The interstellar nature of the 2014 object has fascinating consequences. Its size suggests that each star needs to contribute a significant amount of similar objects during its lifetime to make the 2014 discovery likely – suggesting that there are many more interstellar meteors to be found. And its high velocity relative to the average velocity of our neighboring stars suggests that it could have been ejected from the depths of another planetary system, relatively close to its star. This is surprising, since one can naively expect that most interstellar objects instead come from far more distant circumcellar regions where escape velocities are lower, namely the comet clouds found on the edge of many star systems.

This new field, the study of interstellar meteors, really has a lot to tell us about our place in the cosmos. Further studies of the observed properties of the meteor from 2014 may reveal new insights into our local interstellar environment, especially compared to the properties of its successors, ‘Oumuamua and Borisov. Meteor databases are ripe for searches, and there are new motives for building new sensing networks, with a focus on discovering future interstellar meteors. Observing an interstellar meteor burning up in real time would make it possible to study its composition, which would provide new insights into the chemistry of other planetary systems.

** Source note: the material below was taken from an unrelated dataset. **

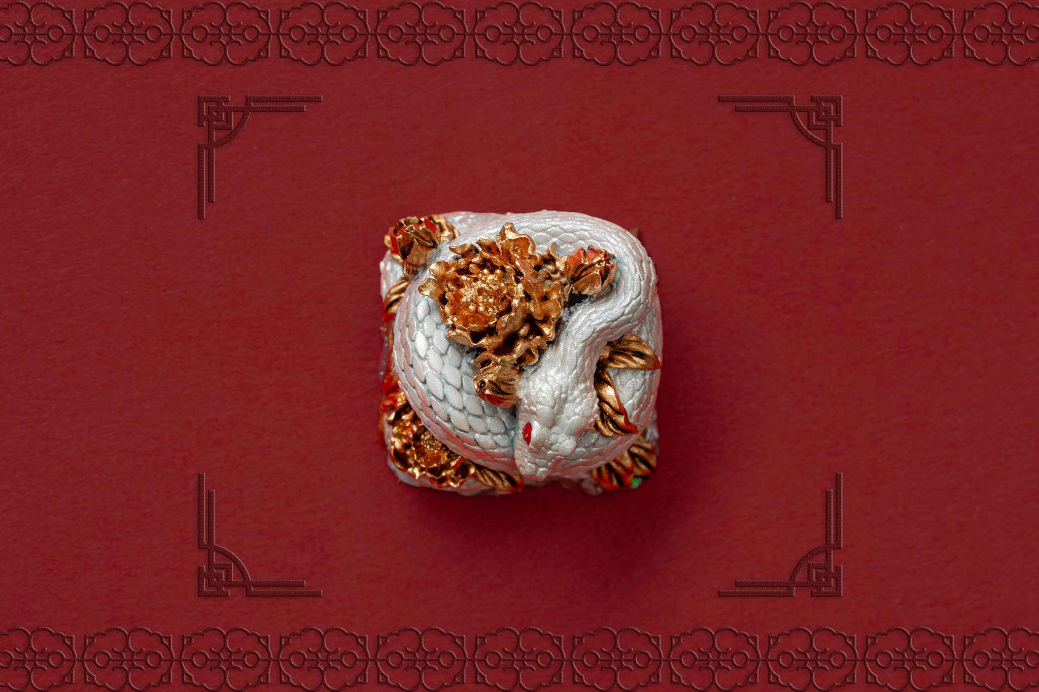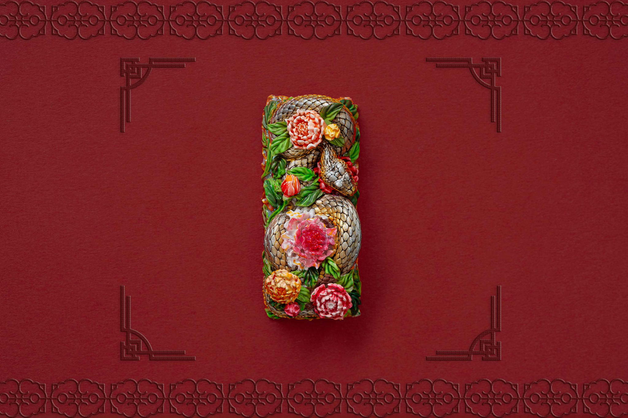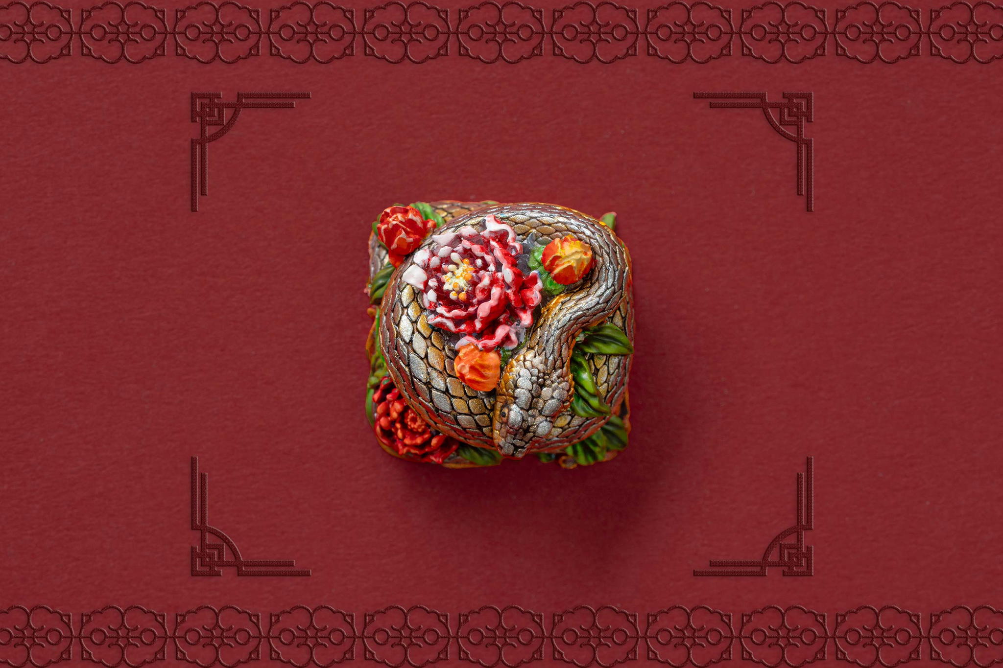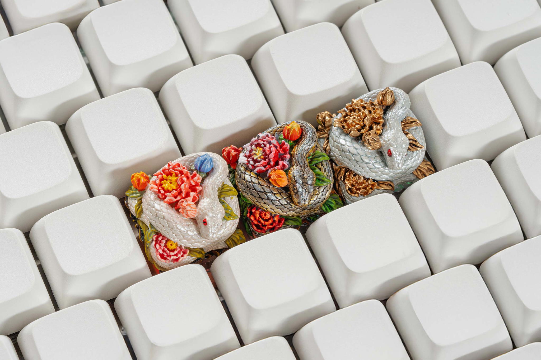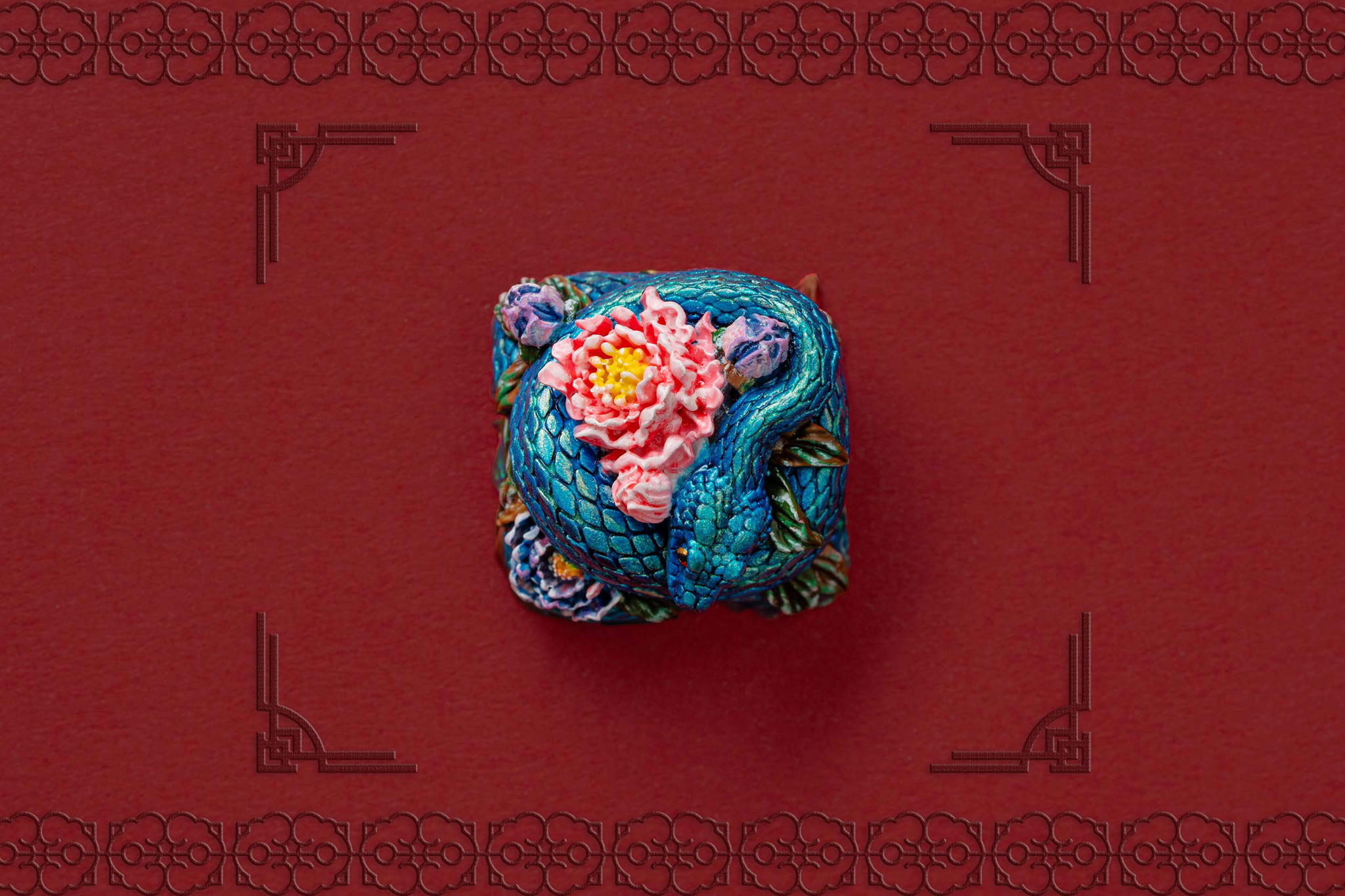 Inspired by this profound symbolism, the “Mystic Snake” artisan keycap collection emerges as a true masterpiece, celebrating the perfect fusion of power and elegance through the imagery of a serpent gracefully coiling around a blooming peony. This exquisite design represents the balance between strength and beauty, mystery and sophistication. The snake—fluid yet unwavering—symbolizes sharp intellect, patience, and resilience in the face of adversity. Meanwhile, the peony, often referred to as the “king of flowers,” signifies wealth, eternal beauty, and a life filled with fulfillment and happiness. Its lush, radiant petals embody grace, nobility, and deep, everlasting love.
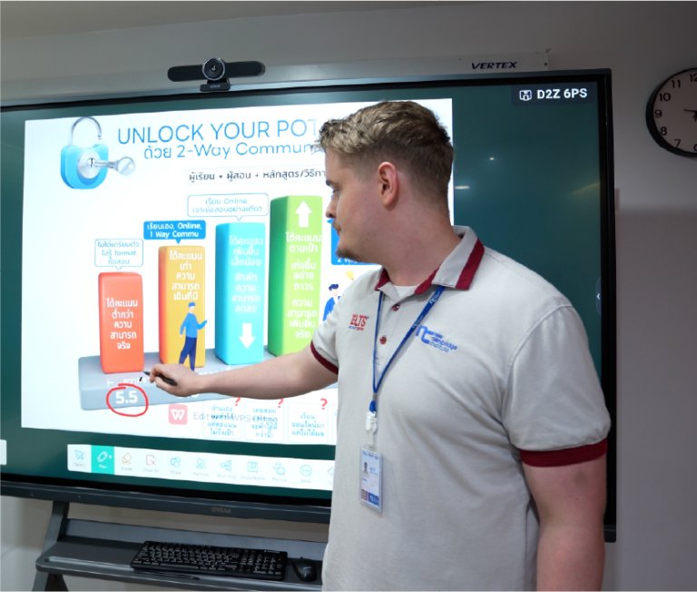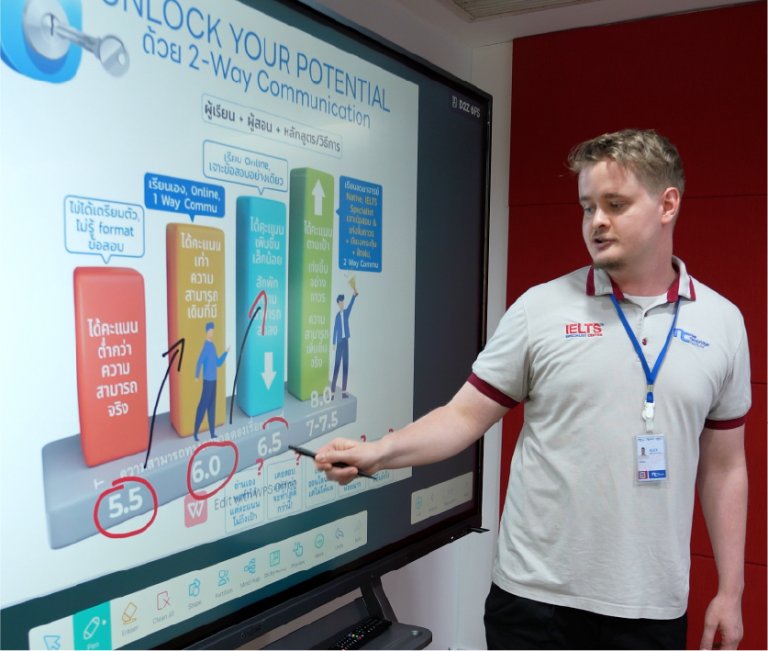 นักเรียนของเราจะมีโอกาสใช้เคล็ดลับและเทคนิคเหล่านั้น ผ่านการฝึกฝน และกิจกรรมต่างๆ ทั้งในและนอกห้องเรียน และยังได้ฝึกทักษะการเขียนและพูด ซึ่งเป็นทักษะที่ยากสำหรับนักเรียนไทย แต่สามารถทำคะแนนขึ้นได้ง่าย ถ้าได้รับเทคนิคที่ครบถ้วน อีกทั้งนักเรียนจะได้รับการประเมินผล และคำแนะนำจากอาจารย์ Native, IELTS Specialists ผ่านระบบ Full Mock Test ขอสอบ IELTS เสมือนจริง ยิ่งได้รับคำแนะนำมาก ยิ่งฝึกมาก ทำให้พัฒนาได้มายิ่งขึ้น

The holy grail of interstellar object studies would be to obtain a physical sample of an object that originates outside the solar system – a goal as bold as it is scientifically groundbreaking. We are currently investigating whether a mission to the bottom of the Pacific Ocean off the coast of Manus Island, in the hope of finding fragments of the 2014 meteor, may be fruitful or even possible. Any sufficiently large interstellar meteor detected in the future should also produce a burst of debris, which we could potentially track down and analyze. There is, of course, another approach to getting samples, which I, as head of interstellar object studies for the Galileo project, am happy to continue as well: a meeting with spaceships. In collaboration with Alan Stern, the principal investigator for NASA’s New Horizons mission, we have now received funding to develop a concept for a space mission for some future interstellar object.

Like exotic shells, these messengers from the stars have washed ashore on our planetary shore for billions of years, each carrying secrets of its – and our – cosmic origin. Now we are finally starting to comb the shoreline.